When I was an awkward young teenager, I kept a secret locked up inside of me. It felt safe to go undetected by others, something that helped me get through some of the most vulnerable years of my childhood. But I yearned for the day when I could share who I was with the world. I tried like hell to pretend I was only into boys, and I was pretty damn successful at it. But 15-year-old Lindsay was also desperately jonesing to make out with girls.
I finally came out as bisexual at the end of last year. And ever since, for the first time in my life, I’ve felt free to be completely myself. There’s a power in owning who you authentically are and taking off the mask you’ve worn to protect yourself from others. Some may even consider it a superpower.
While I may not be able to move shit with my mind and am currently living as a 36-year-old mother of two, I feel so damn seen after being introduced to 17-year-old Sydney Novak in Netflix’s “I Am Not Okay with This.”
Syd (played by Sophia Lillis) is an angsty teen who is trying to pick up the pieces after her father’s untimely death. She’s got a little brother she loves to bits and a strained relationship with her overwhelmed mom. Her quirky neighbor, Stanley, has a thing for her, her mother is constantly on her ass about dropping the teenage attitude, and she’s struggling hard to manage her mounting anger over a dad she’ll never get to see again.

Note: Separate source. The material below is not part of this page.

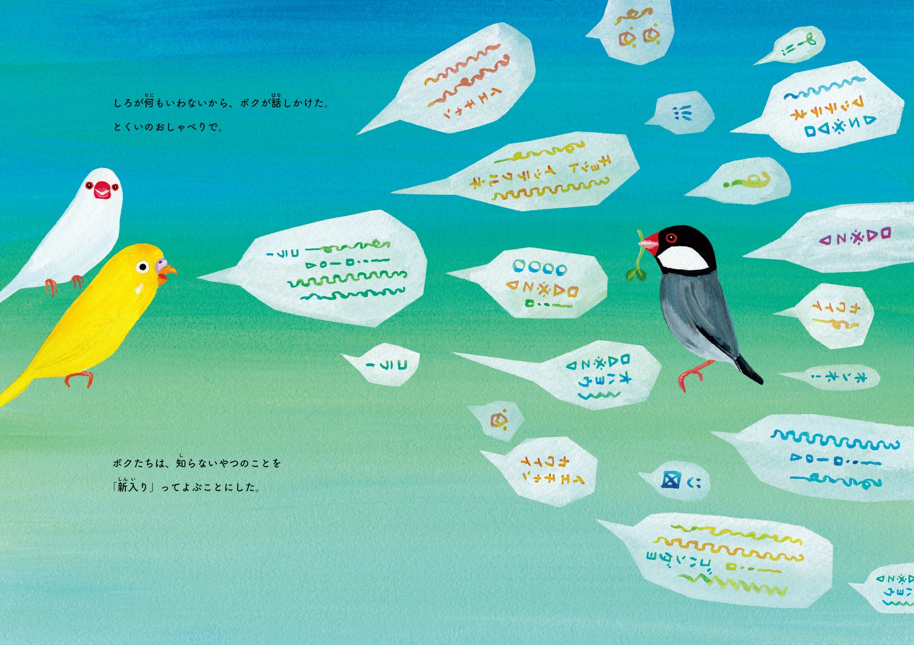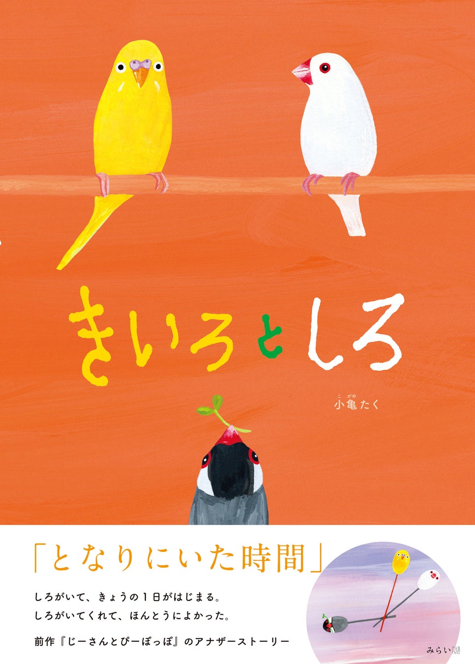 日本各地で大きな反響を生んだ絵本『じーさんとぴーぽっぽ』の第二作目。普段は気がつかない人生を誰かと一緒に歩く幸せに気づかせてくれる一作目に続き、鳥たちの気持ちを届けていく作品。主人公のセキセイインコ「きいろ」の目線で、鳥たちが生きる世界の楽しさ、人の家で暮らす白文鳥「しろ」と桜文鳥「ぴーぽっぽ」との出会いと別れが描かれています。

As if all of this wasn’t complicated enough, Sydney also has the uncanny ability to knock shit over, give boys nosebleeds, and destroy school property without touching a damn thing. As we watch her discover the depths of some uncontrollable superpowers she doesn’t understand, or even necessarily want to possess, we also witness a young person who, in the midst of it all, is discovering herself.
Because Syd also has an awesome best friend named Dina, and she is secretly (or not so secretly) in love with her.
It’s downright amazing when a television character comes along who not only speaks to who you’ve become, but also honors the struggles of who you were before you knew how to affirm it. In Syd, I see a younger version of myself who felt so damn angry and unlovable and too much for this world. My heart aches and melts for her as she grapples with fierce emotions that quite literally set her world on fire while simultaneously dealing with an attraction to girls that she yearns to feel out loud.
At the heart of this series is a teen who tries – and fails – to mask the deepest, most genuine parts of herself. And in the undoing, she realizes that her inner and outer worlds will never be the same. At a time in our country when women are still being condemned for their assertiveness, passion, and emotional breadth, we need characters like Sydney Novak to root for and cheer on. And to be completely honest, I sure could have used the positive visual representation of an LGBTQ+ character like Syd in my life when I was a struggling teenager.
If my four-year-old daughter were a teenager right now, I guarantee we’d be hooked on this series together. No matter how you identify, “I Am Not Okay with This” is a show you’ll be totally okay sticking on your “must watch” list.